* _Exercise requirements_
After locating the line that contains "A lakáshoz tartozik" in the material below, copy that line and each one following it, exactly, up to the last line. Pictures stay out.

* _Supplied data_
+ + + + +

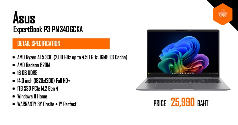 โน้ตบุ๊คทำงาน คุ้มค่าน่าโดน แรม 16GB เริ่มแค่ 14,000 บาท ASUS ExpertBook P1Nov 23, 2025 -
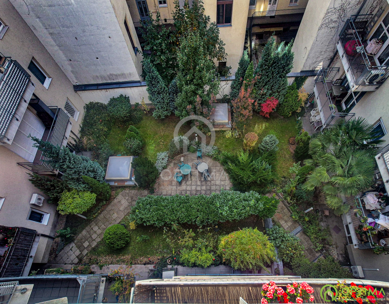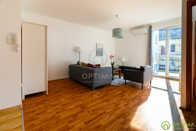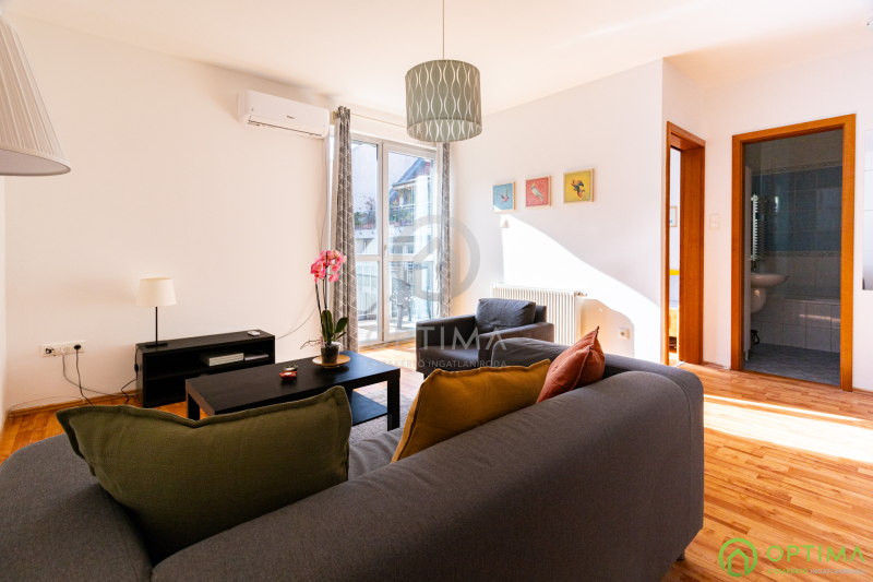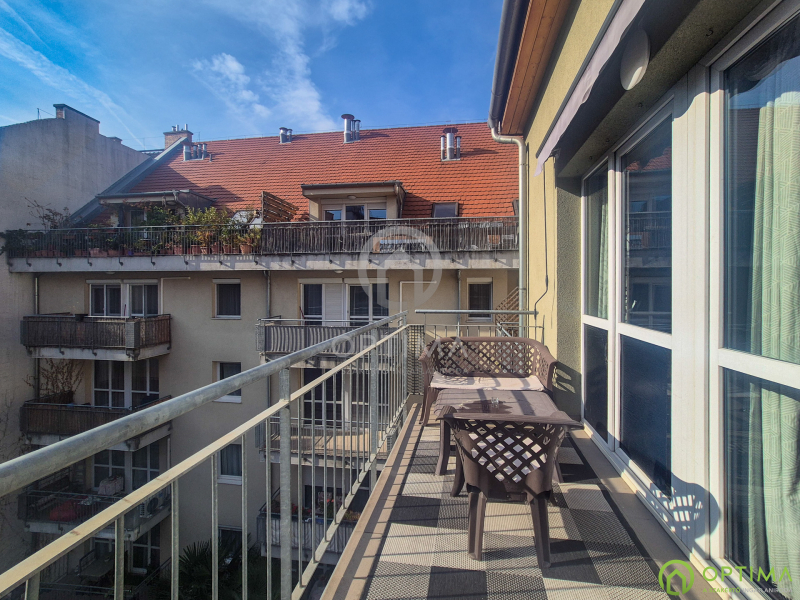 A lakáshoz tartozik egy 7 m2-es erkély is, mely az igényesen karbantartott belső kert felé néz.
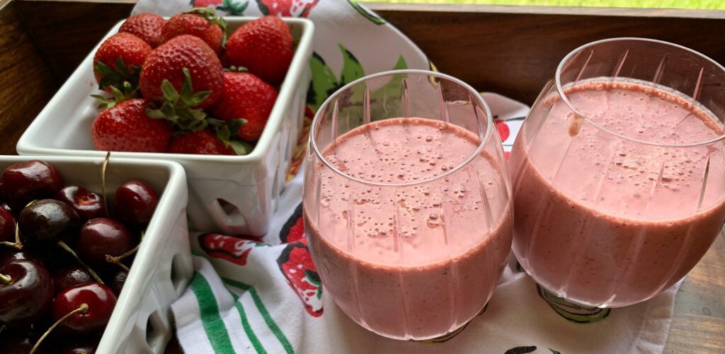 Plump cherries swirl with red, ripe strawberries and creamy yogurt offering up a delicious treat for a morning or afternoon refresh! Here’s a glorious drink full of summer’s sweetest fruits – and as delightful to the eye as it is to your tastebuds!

+ + + + +

* _Task response_
 A lakáshoz tartozik egy 7 m2-es erkély is, mely az igényesen karbantartott belső kert felé néz.
 Plump cherries swirl with red, ripe strawberries and creamy yogurt offering up a delicious treat for a morning or afternoon refresh! Here’s a glorious drink full of summer’s sweetest fruits – and as delightful to the eye as it is to your tastebuds!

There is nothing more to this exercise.